Moreover, because we are incorporated in Delaware, we are governed by the provisions of Section 203 of the Delaware General Corporation Law ("DGCL"), which prohibits a person who owns in excess of 15% of our outstanding voting stock from merging or combining with us for a period of three years after the date of the transaction in which the person acquired in excess of 15% of our outstanding voting stock, unless the merger or combination is approved in a prescribed manner.
Our ability to use our net operating loss carryforwards and certain other tax attributes may be limited.
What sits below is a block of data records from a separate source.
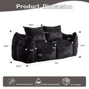 Giant Bean Bag Couch, Ultra Soft Fluffy Loveseat For Living Room Reading Chair With Pillows - Black
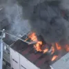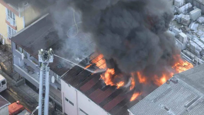 Ümraniye'de alev alev yanan iş yeri havadan görüntülendi
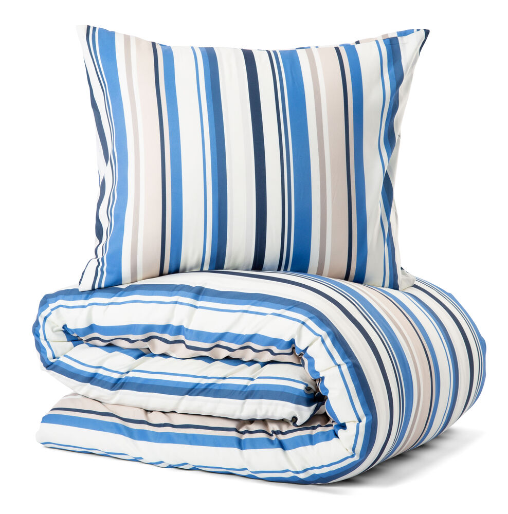Berga mikrofiberbäddset från Lord Nelson Victory med breda och smala ränder i en harmonisk kombination. Setet består av påslakan och örngott och är tillverkad av polyester med den positiva egenskapen att de torkar snabbt och väger lite. Bäddset i mikrofiber har blivit populärt att använda i både båt och husvagn på grund av att de är lätta att packa och klarar sig bra i fuktiga miljöer.
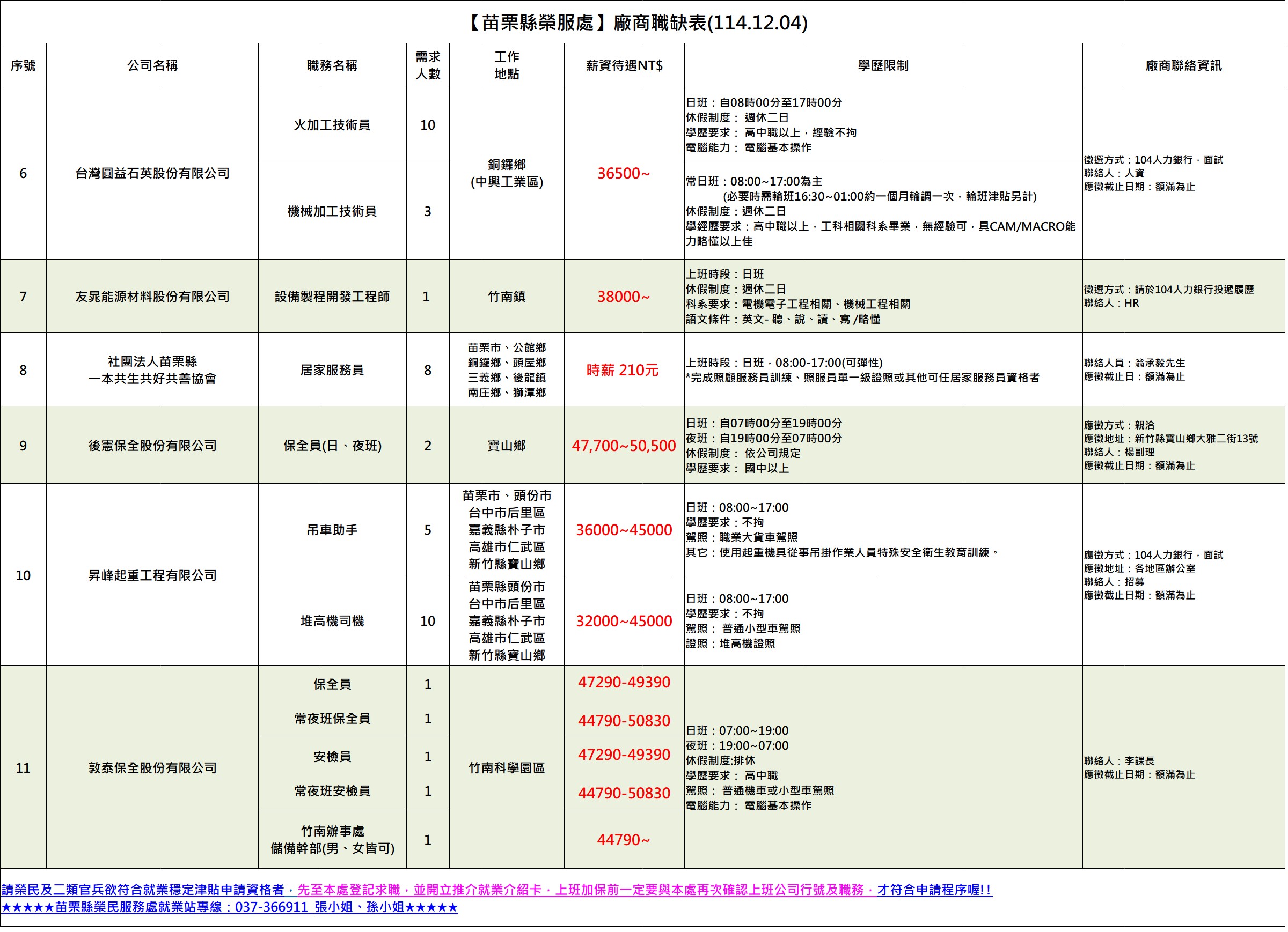 ★★★★★苗栗縣榮民服務處就業站專線:037-366911 張小姐、孫小姐★★★★★

As of December 31, 2020, we had United States federal net operating loss ("NOL") carryforwards of $194.1 million, state NOL carryforwards of $134.4 million and United States federal and state research and development credit ("R&D credit") carryforwards of $2.3 million and $0.9 million, respectively. $118.9 million of the United States federal NOL carryforwards and $134.4 million of the state NOL carryforwards expire beginning 2030 through 2040. $75.2 million of the United States federal NOL carryforwards will be carried forward indefinitely. The United States federal and state R&D credit carryforwards expire at various dates beginning in 2027 through 2040, if not utilized. Utilization of these NOL and R&D credit carryforwards may be subject to a substantial limitation under Sections 382 and 383 of the Code and comparable provisions of state, local and foreign tax laws due to changes in ownership of our company that have occurred previously or that could occur in the future. Under Section 382 of the Code and comparable provisions of state, local and foreign tax laws, if a corporation undergoes an “ownership change,” generally defined as a greater than 50% change by value in its equity ownership over a three year period,
the corporation’s ability to use its pre-change NOL carryforwards and other pre-change tax attributes, such as research and development tax credits, to reduce its post-change income may be limited. We have determined that it is more likely than not that our NOL and R&D credit carryforward amounts disclosed are subject to a material limitation under Section 382. We may also experience ownership changes in the future as a result of subsequent shifts in our stock ownership. As a result, if we generate taxable income, our ability to use our pre-change NOL and R&D credit carryforwards to reduce United States federal and state taxable income may be subject to limitations, which could result in increased future tax liability to us.